Du point de vue catholique, la cloche est un drapeau sonore hissé au clocher de l’église. Elle sonne les heures canoniales, annonce le sacrifice de la messe, convoque les croyants. Elle assure une médiation entre les croyants et Dieu lui-même. Elles sont parées de vertus magiques : miracle, guérison, protection contre la foudre et la tempête.

Du point de vue esthétique, les sonneries de cloche sont des expériences puissantes, fascinantes, subjuguantes. Le principe est la puissance de la répétition écrasante : une expérience de traversement, qui entrave la mentalisation et la réflexion. Il s’agit de provoquer une sorte de narcose, de stupeur, d’état de sidération – qui a son charme, celui de renoncer à réfléchir et à s’angoisser pour le monde ainsi qu’il est. La cloche sonnante est au corps ce que le mysticisme est à la croyance religieuse. Le très puissant son de la cloche transit l’auditeur, lui ôtant toute faculté de résistance, à l’instar de la transverbigération de Sainte-Thérèse d’Avila – que Lacan analysa dans le Séminaire titré Encore. L’âme mystique est pénétrée par Dieu lui-même, dans une jouissance religieuse qu’il n’est pas déraisonnable de rattacher à des expériences psycho-sensorielles puissantes mais corporelles.

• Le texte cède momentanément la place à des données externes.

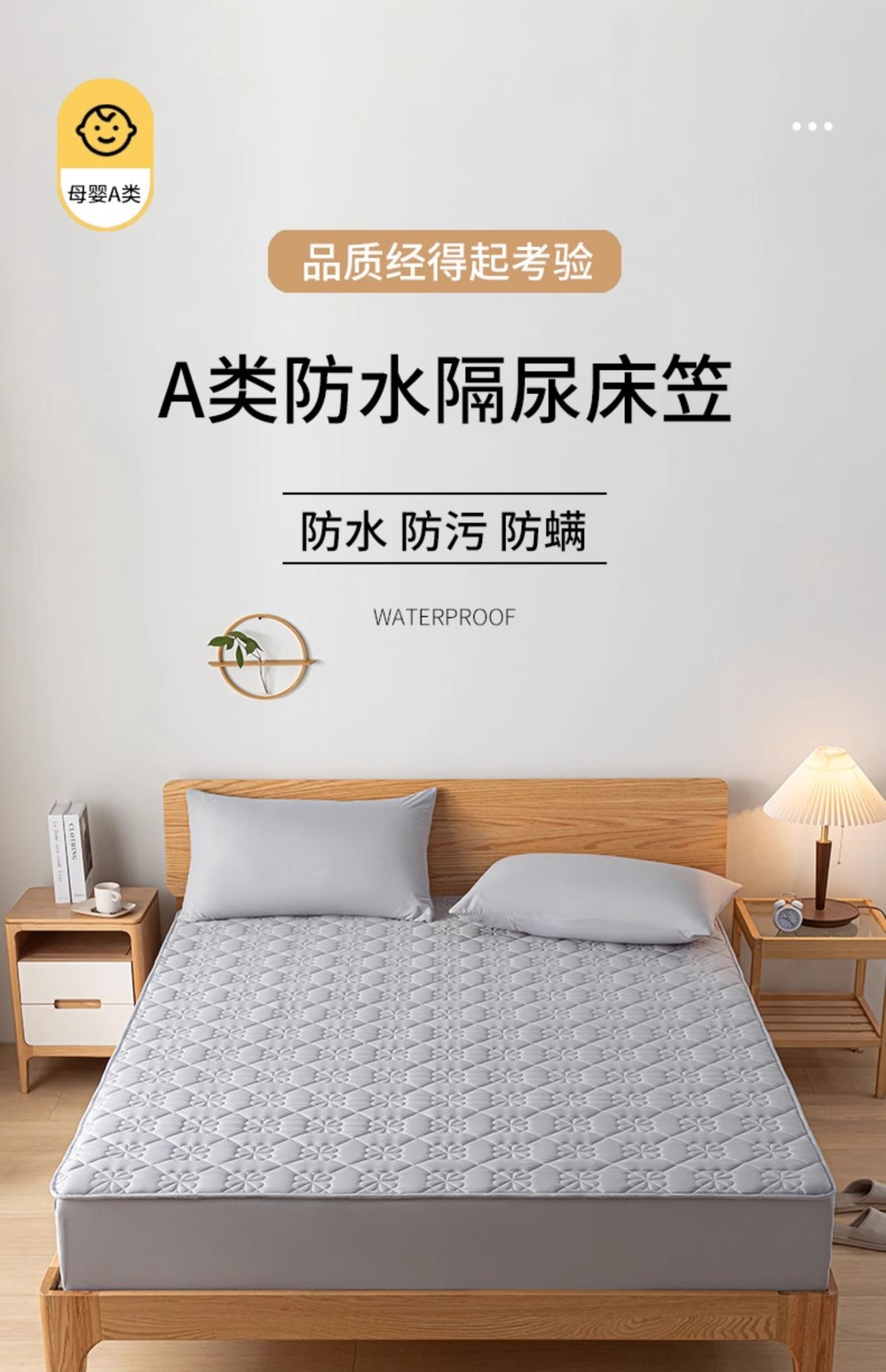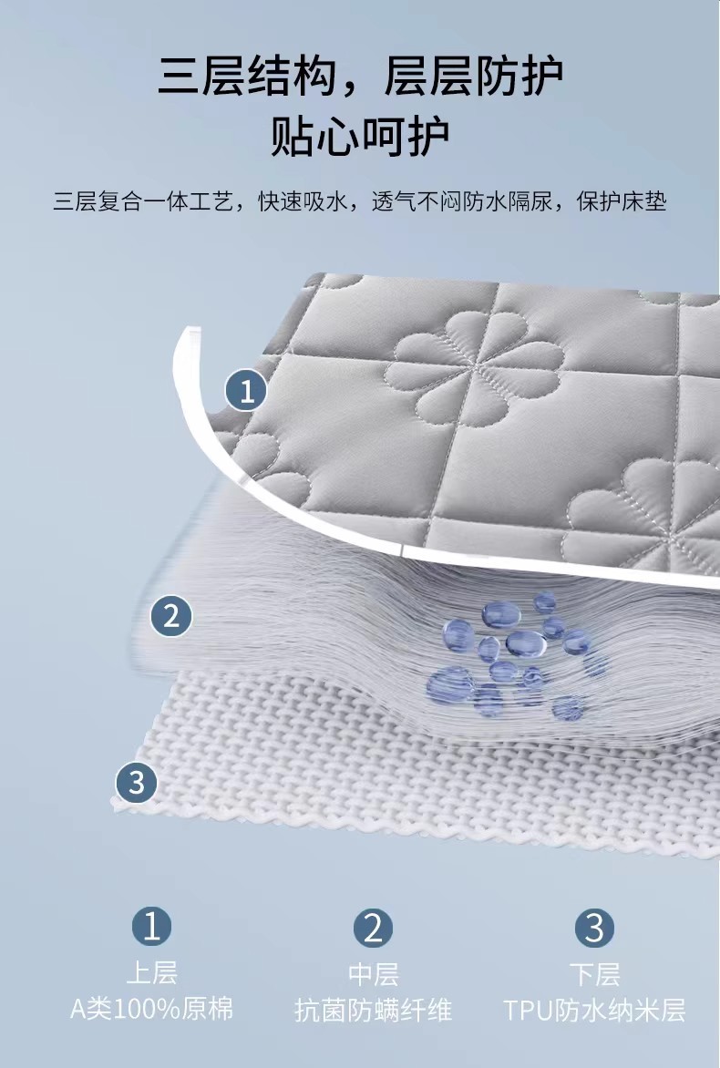 • 고전적인 방수 침대 모자-회색 [A 급 모성 및 유아 방수 소변 장벽]]
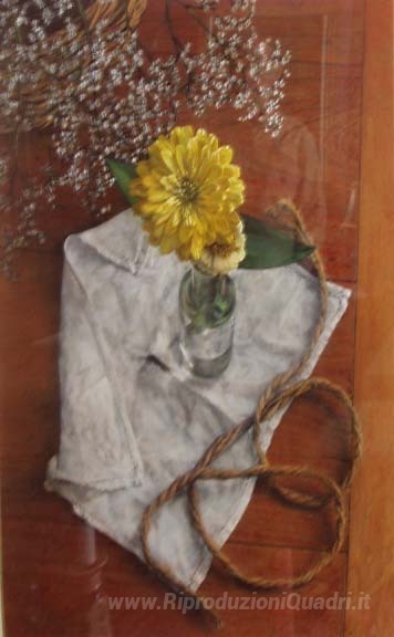 Ti offriamo una riproduzione artigianale su tela dell'opera famosa 'Natura morta con giallo Zinnia' di John Stuart Ingle, dal Museo delle Riproduzioni.

Ce submergement mystique, en effet, n’est pas fondamentalement dissemblable du transissement sexuel orgasmique. Jouir d’orgasme, c’est se laisser emporter par un flot impétueux et irrésistible. La sonnerie de cloche basique est d’ailleurs rythmée par une répétition régulière qui rappelle avec évidence le coït courant. Il n’est pas déraisonnable de dire que l’objet cloche est utéro-phalloïde, ou vagino-phalloïde, c’est-à-dire mêlant la forme du phallus (le battant fort roide mais pendant) et celle du vagin. Il est historiquement notable que l’architecture religieuse monumentale loge les cloches dans des clochers à l’armature phallique très lisible.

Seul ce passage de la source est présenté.